Below are explained various strategies for reducing the sizes of large PDB files, enabling their main features to be displayed in the default Jmol/java memory. These strategies include displaying only the backbones (alpha carbons for proteins and phosphorus atoms for nucleic acids), and displaying one, or a subset, of the models in multiple-model files. These "reduced" files can be uploaded for use in molecular scenes in Proteopedia. An example is shown in the Jmol at the upper right corner of this article.

Maximum Size Per Model

99,999 Atoms

Strictly speaking, the format of PDB files is limited to 99,999 atoms in a single model, because there are only 5 columns allocated to atom serial numbers. (Files in the mmCIF format can be read by Jmol, and do not suffer from this limitation.) 3cc2 is a model of a large ribosomal subunit containing 99,049 atoms (close to the limit for a single PDB file). Most likely it will display in Jmol when you go to that page. Jmol ignores the atom serial number, columns 7-11 in the PDB file, instead assigning its own atomIndex number, unique for each atom, and not redundant between models. Jmol can handle PDB files containing >100,000 atoms.

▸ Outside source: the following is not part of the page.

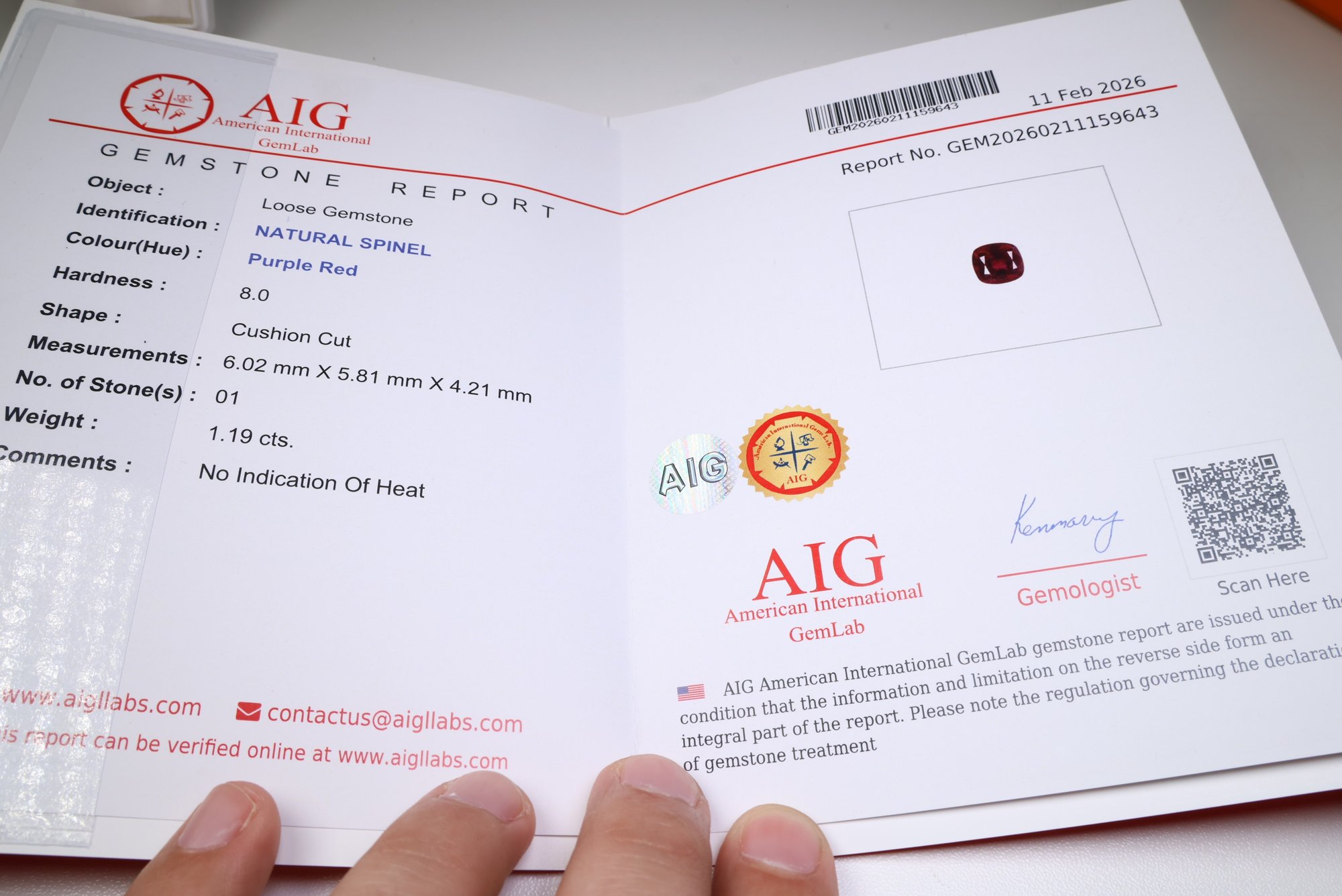 Natural Spinel 1.19ct AIG Report Gemstone Jewelry

This limitation requires that models containing >=100,000 atoms be split into two or more PDB files, or else represented as artificially separated models in a single PDB file. These work-arounds are awkward for visualization. An example is the combination of portions of the two files 1jgo and 1giy for visualization of a complete Ribosome.

Image:RatLiverVault2.png

Image:RatLiverVault1.png

Rat Liver Vault, alpha carbon atoms only.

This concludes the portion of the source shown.